Self-issued identities are cheap. That’s why you:

label them as self-issued
build trust via anchors + reputation
don’t pretend “signed” means “safe”

“Does this replace OAuth?”

No. OAuth remains best for:

user consent
API access delegation
enterprise control and recovery

Keypairs are best for:

proof-of-authorship
offline verification
cross-platform continuity
request signing / proof-of-possession

“Isn’t this just PGP / Sigstore?”

Same class of idea, different target. Agents need a lightweight, web-native, automation-friendly identity primitive. The ergonomics matter.

The adoption path: how this becomes a standard

If you want this to win, don’t start with ideology. Start with boring integration points:

For skill/plugin marketplaces

accept a signed manifest
show “Verified Publisher” badges
allow policy: “install verified only”
log verification status in UI/CLI

For agent runtimes

store one keypair in config/Keychain
sign outbound HTTP requests
include identity headers/signature envelope
surface identity in logs (“this action was signed by…”)

For publishers

publish JWKS once
define policy (“these bots can access, these can’t”)
optionally connect payments/entitlements (UPP/UCP extensions)

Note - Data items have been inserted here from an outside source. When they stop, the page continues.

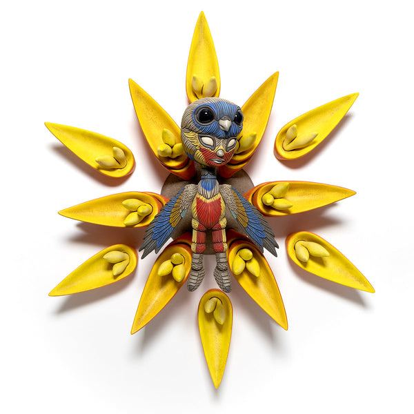 Calvin Ma’s sculptures are imbued with a sense of childlike exploration and storytelling. His newest body of work beautifully depicts a recognizable figure we see throughout his sculptures, this time as birds in a variety of postures, each with a hybrid human-bird face. His characteristically stunning highly detailed work here showcases his skill through the bright feathers and rich surface details of each form. Some pieces appear to hover or balance, others pause in stillness for a moment. Ma masterfully imparts character and personality into his artworks.
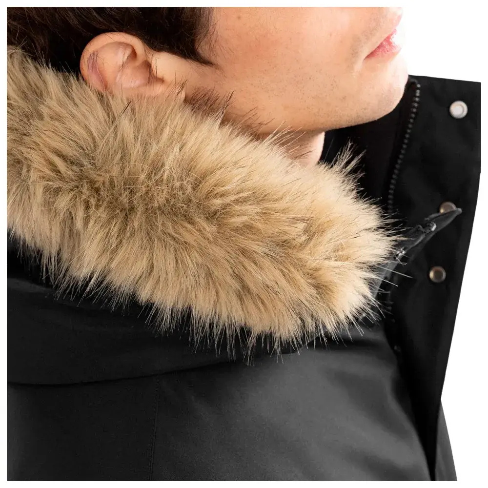 Большой капюшон с отделкой из искусственного меха и тремя карманами.
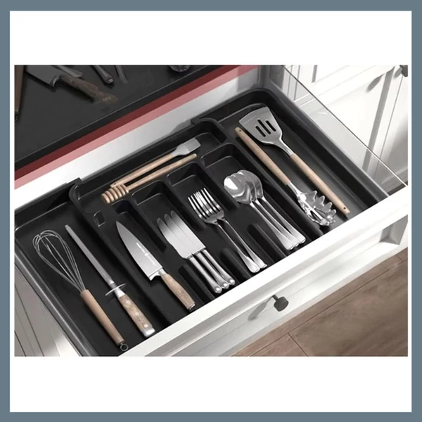 Állítható méret: A csúszó mechanizmus lehetővé teszi, hogy a rendszerezőt a fiók belső méretéhez igazítsd, így minden típusú konyhai fiókban könnyedén használható.
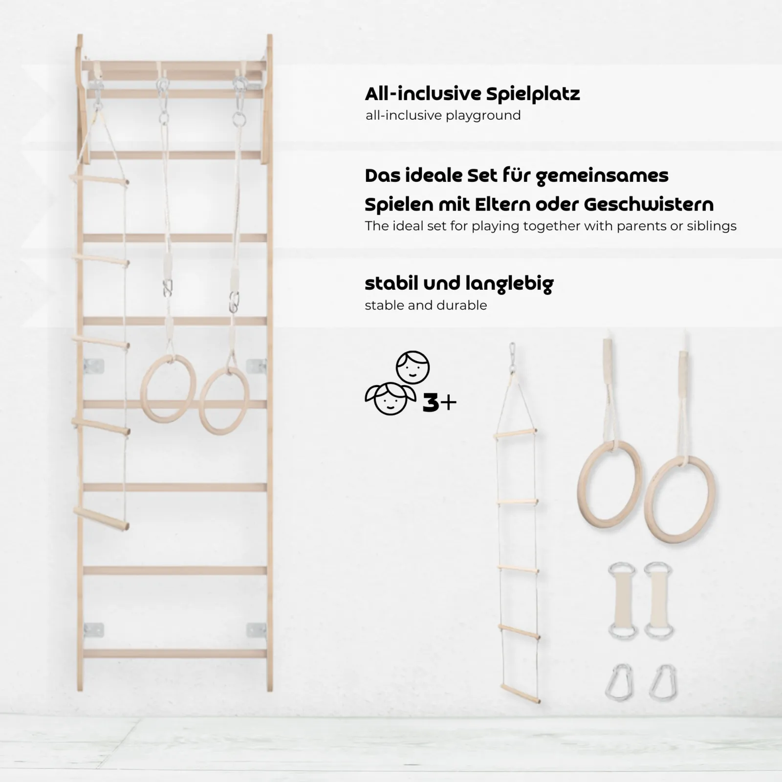 Drewniana drabinka gimnastyczna to nie tylko sprzęt sportowy, ale także wielofunkcyjny plac zabaw, który wspiera rozwój fizyczny i motoryczny dzieci, zapewniając im godziny radości. Solidna i trwała konstrukcja, wykonana z naturalnego drewna bukowego i wysokiej jakości sklejki, gwarantuje bezpieczeństwo użytkowania. W zestawie znajdują się kółka gimnastyczne, drabinka linowa oraz materac, które dodatkowo urozmaicają zabawę i ćwiczenia. Możliwość regulacji uchwytu pozwala dostosować wysokość do wieku i umiejętności dziecka, a ergonomiczna szerokość szczebli została zaprojektowana specjalnie z myślą o najmłodszych. To idealny zestaw do wspólnej zabawy z rodzeństwem i rodzicami, łączący rozwój motoryczny, siłowy i koordynacyjny. Bezpieczeństwo na pierwszym miejscu! Drabinka ma gładkie, starannie szlifowane powierzchnie, co oznacza brak drzazg i ostrych krawędzi. Mocne śruby i wysokiej jakości komponenty zapewniają pełną stabilność nawet przy intensywnym użytkowaniu. Materac dodatkowo zwiększa poziom ochrony, dzięki czemu dzieci mogą bezpiecznie ćwiczyć i bawić się bez ryzyka kontuzji. Dzięki zdejmowanemu pokrowcowi można go łatwo utrzymać w czystości, co zapewnia higieniczne warunki użytkowania. To rozwiązanie, które rośnie wraz z dzieckiem – dostosowuje się do wieku i zmieniających się potrzeb użytkownika. Dzięki jasnemu, naturalnemu wykończeniu, drabinka świetnie wpasowuje się w każde wnętrze – od nowoczesnych aranżacji po klasyczne pokoje dziecięce. Holistyczny rozwój dziecka to priorytet – sprzęt wspiera równowagę, koordynację, siłę i ogólną sprawność ruchową, zachęcając do codziennej aktywności w domu. Łatwy montaż i możliwość instalacji na ścianach murowanych, betonowych i drewnianych sprawiają, że produkt jest wszechstronny i trwały. To inwestycja na lata, która pozwala dziecku cieszyć się zdrową aktywnością w bezpiecznych i komfortowych warunkach domowych.

OpenBotAuth already provides tooling for several of these integration points—a proxy that works with browsers like BrowserBase, Onkernel, AgentCore, and agent frameworks like Langchain, OpenAI, and Mastra by adding custom HTTP headers. There’s also a registry-signer package for crawlers to sign requests at the HTTP layer.

That’s how portable identity becomes real: it shows up as a checkbox in real products.

Closing thought

“Portable identity” for agents isn’t “another login.” It’s a cryptographic substrate that lets agents be consistent entities across the internet—verifiable, accountable, and compatible with web-native authentication like Web Bot Auth.

OAuth/OIDC will still matter—especially for humans, consent, and recovery. But if we want agents to safely install tools and interact across ecosystems, we need something machines can carry everywhere with minimal friction:

one keypair, many surfaces, verifiable everywhere.